The drying on of the means is usually used which allows the conservation of the food products by lowering of the activity of water. This paper presents the results of an experimental spinach (Spinacia oleracea) drying study in a new solar dryer. It is an indirect solar dryer with forced convection was developed and improved at the Food Science laboratory. Drying spinach leaves to a final moisture content of 2% from 93.2% (wet basis), with an air-drying speed equal to 1m/s. This study made it possible to determine the drying kinetics of spinach leaves, the evolution of the temperature profile and the influence of drying air recycling (0, 50 and 90%) on drying time. The curves of drying obtained show that the drying rate increased marginally with the increase in fraction of air recycled. It is reduced 3 to 4 hours, by increasing the fraction air recycled from 50 to 90 % respectively, with a significant profit of thermal energy. The drying temperature is higher and stable in the drying chamber of the order of 55 to 65°C (90% air recycled).

Keywords: water content, solar drying, performance, spinach leaves, air recycles

Introduction

Solar energy is an important alternative source of energy. It is relatively preferred to other sources because it is free, abundant, and inexhaustible and non-pollutant in nature compared with higher prices and shortage of fossil fuels. Solar energy is very abundant in Algeria, in particular in the south of this country. As an alternative to open sun drying, the solar drying system is one of the most attractive and promising applications of solar energy systems. It is a renewable and environmentally friendly technology that is also economically viable is most developing countries. Drying is one of an important post handling process of agricultural production. It can extend shelf life of harvested products, improves the quality and reduces post-harvest losses. Solar crop drying has been demonstrated, to be cost effective and could be an effective alternative to traditional and mechanical drying systems, especially in-locations with good sunshine during the harvest season.1 The purpose of this process is to remove moisture from a product to achieve the desired moisture content. The amount of heat supplied to the product by air heated with natural or artificial means causes the movement of moisture from inside the product to the surface.2

The temperature of the drying air must be kept below the recommended values ​​for the intended use of the product, as the excessive temperature of the drying air can cause physical and chemical changes and deterioration of the product quality. To maintain the quality of the product and avoid damaging its constituents, especially essential oils and vitamins that are sensitive to heat, it must be dried at a low temperature. The problem of drying at low temperature is that it takes a lot of time. Many studies have led to a mastery of the solar drying process, and the design of dryers thus reducing drying times, improving the quality of dried products, and eliminating losses due to poor drying of products. This work was also carried out both at the kiln3‒6 and at the level of the drying process.7–13 However, it is clear that the practice of drying has remained strongly traditional. In this work, we are interested in improving the performance of an indirect forced convection solar dryer. To reduce the drying time and preserve the organoleptic quality of the products to be dried.

Methods

Drying system

The indirect solar dryer with forced convection (Figure 1) is used in this study. It designed and realized by the LESEI laboratory.14 Figure 2 shows a photograph of this solar dryer. It consists of mainly a solar air heater, a centrifugal blower and drying chamber.
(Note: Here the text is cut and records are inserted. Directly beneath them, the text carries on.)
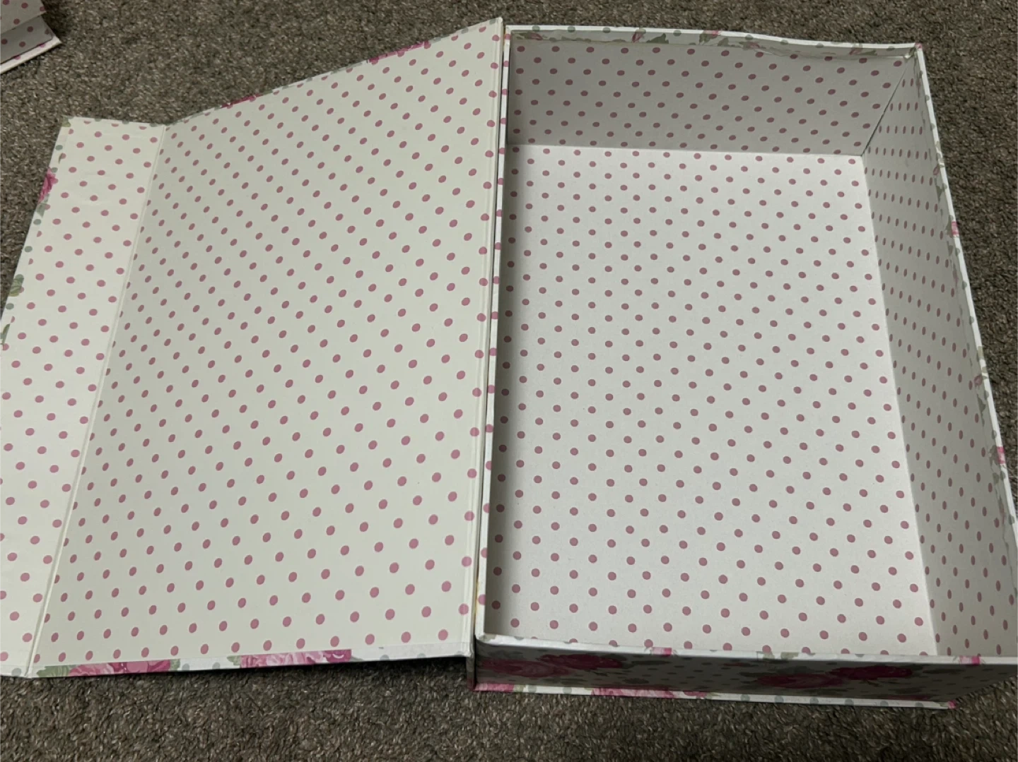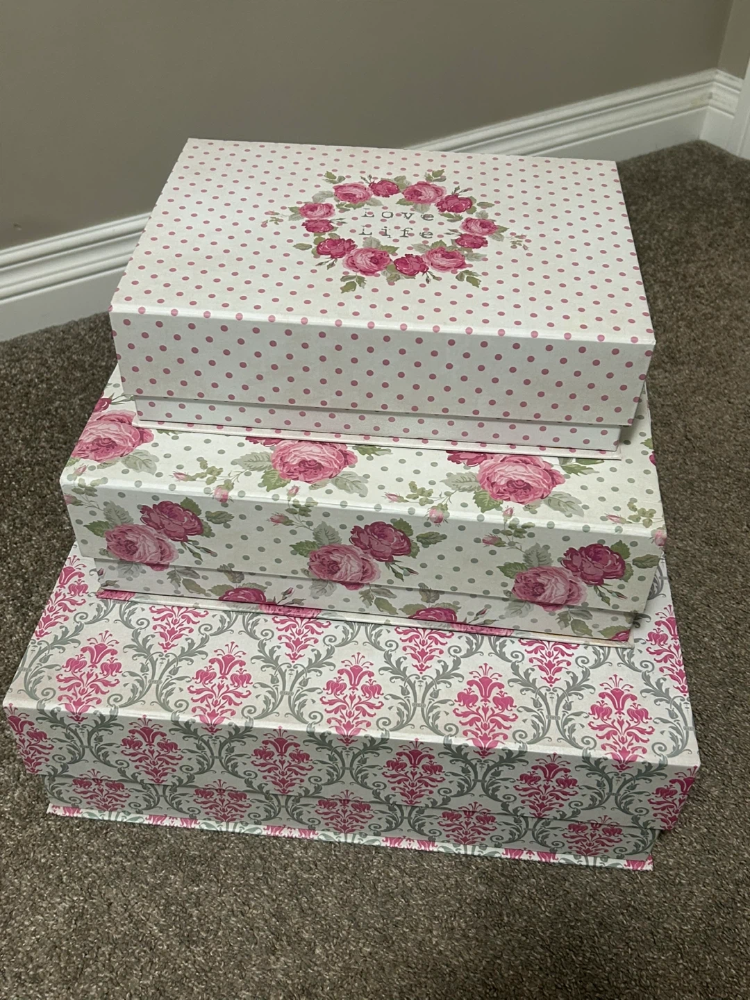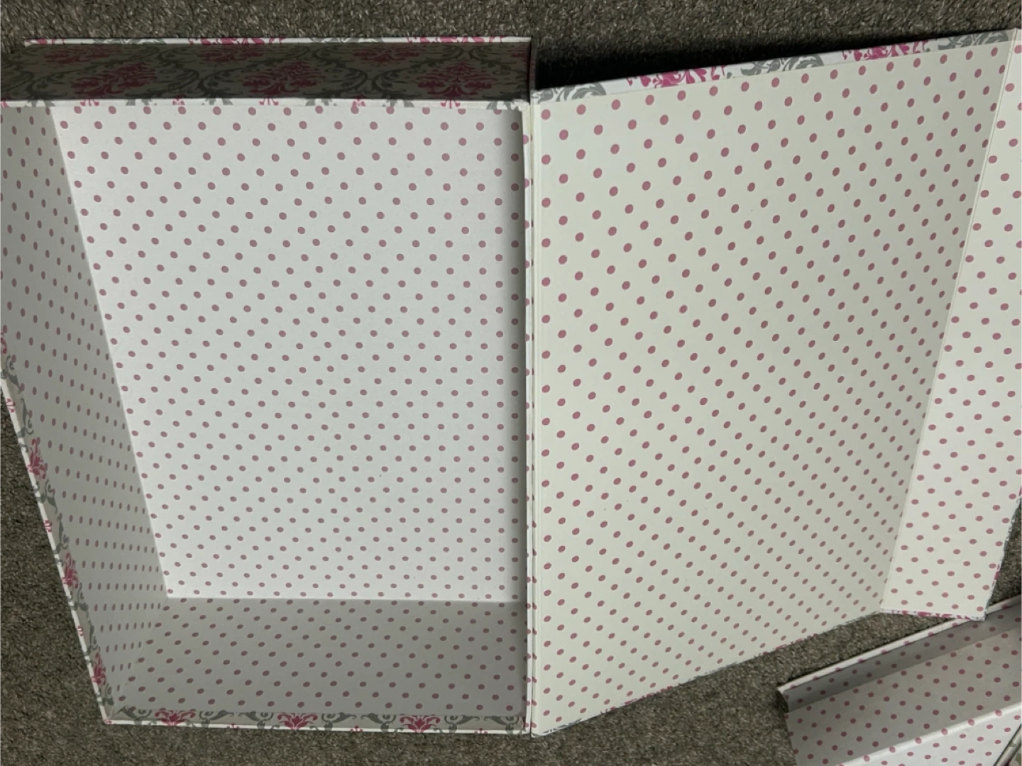 Buy & SellTriple storage box set - pinkTriple storage box set - pink$10A set of three decorative storage boxes. Pink and floral with polka dot insides. New and freshWHERE TO MEETWalmart parking lotView MapSELLEREstNolan Hill211 review0 chats·1 favorites·39 viewsSEND CHAT TO SELLERHi Est! I’m interested in your listing.Hi Est! I’m interested in your listing.Get the Karrot app to chatSign In to chat
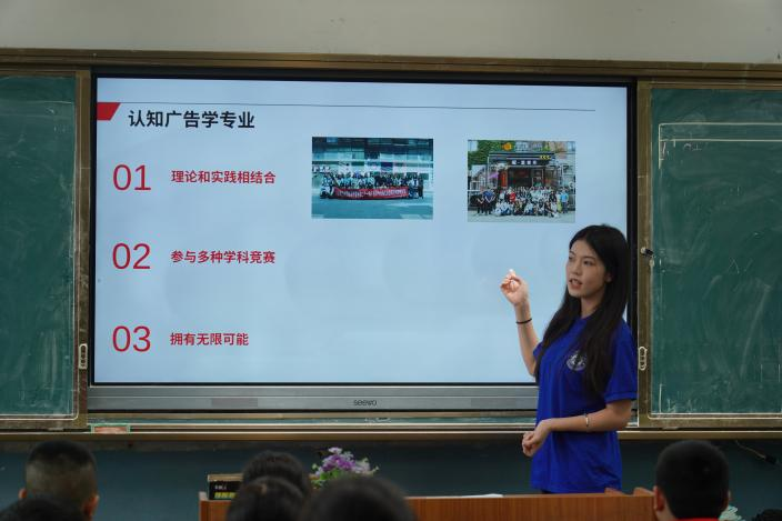 新传学院广告学、网络与新媒体、文化产业管理、数字媒体艺术专业的四位学生结合实践,情景带入,使小学生们对四个专业有了基础性的了解,并通过视频实例帮助小学生建立小学学习和大学专业的相关联系。
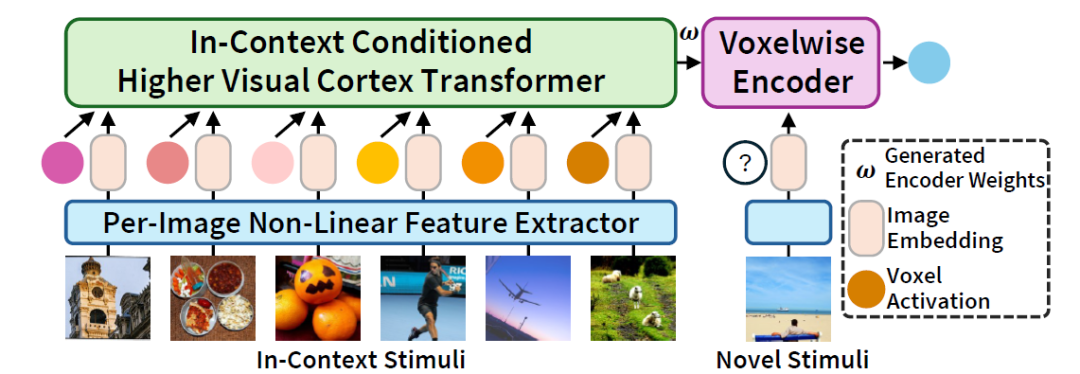 针对这一瓶颈,本文提出一种全新的建模范式:将每个脑体素(voxel)视为一个独立的、从视觉刺激到神经响应的响应函数。fMRI 测量仅提供该函数在有限输入下的带噪采样,而训练目标是从这些稀疏观测中推断出一个可计算、可泛化的映射。基于元学习和上下文学习范式,本文提出一种全新的BraInCoRL脑编码架构,在训练阶段从多被试数据中学习视觉皮层响应的共享结构;在测试阶段,仅需提供极少量(如 100 张)新被试的图像-脑响应对作为上下文,即可无需任何微调,直接生成适用于该被试的体素级编码器,并准确预测其对全新图像的神经活动。
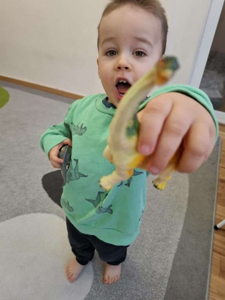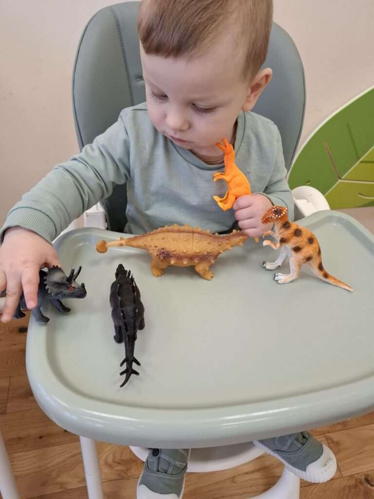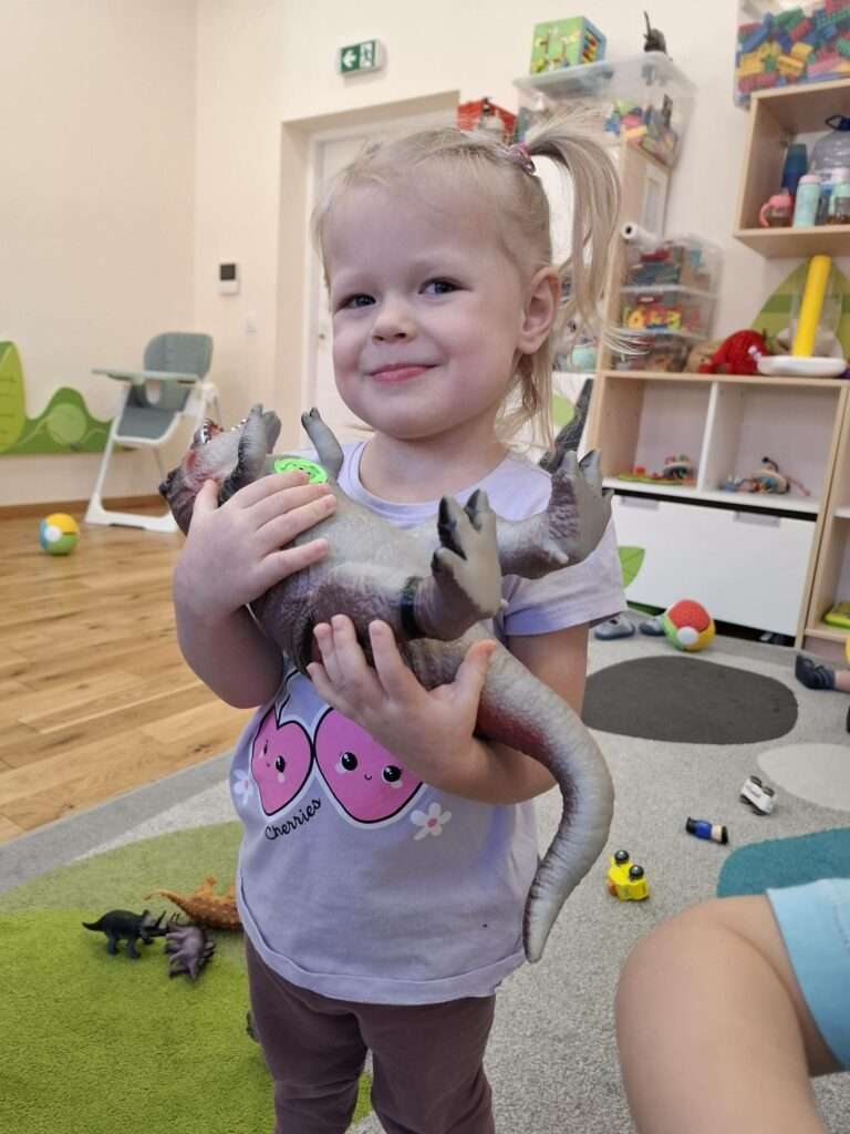Przenieśliśmy się do fascynującego świata prehistorycznych zwierząt. Dzieci poznawały różne gatunki dinozaurów, oglądały tematyczne książeczki i z ogromnym zainteresowaniem odkrywały, jak wyglądał świat miliony lat temu.

  1. Solar air heater (2x1m), with single pass and single glass cover was developed to preheat the air. It consists of a galvanized absorber (0.5 mm thick, painted dull black), glass wool insulation (50mm thick) and a wooden (15mm thick) outer cover box. The south-facing solar flat plate collector was installed at an angle of 30° with horizontal.
  2. Drying unit, a vertical drying chamber (0.5m3, inside) was provided for keeping the sample holding trays through which the hot air passed from the bottom tray to the top tray. Six drying trays were stacked evenly at a vertical spacing of 120mm to each other in the drying chamber. A door (800x600mm) was provided with locking arrangement on one side (front side) of the drying chamber for loading and unloading of trays.
  3. A centrifugal blower having 8.0m3/min capacity was used to circulate the air through the solar dryer. The blower was operated with the help of a single-phase, 1 hp, and 2800 rpm electric motor.
  4. A extractor blower placed at the top of the chamber to evacuate the air used to the outside.

Figure 1 Indirect solar drier with forced convection.

Figure 2 Photograph of Solar forced convection dryer.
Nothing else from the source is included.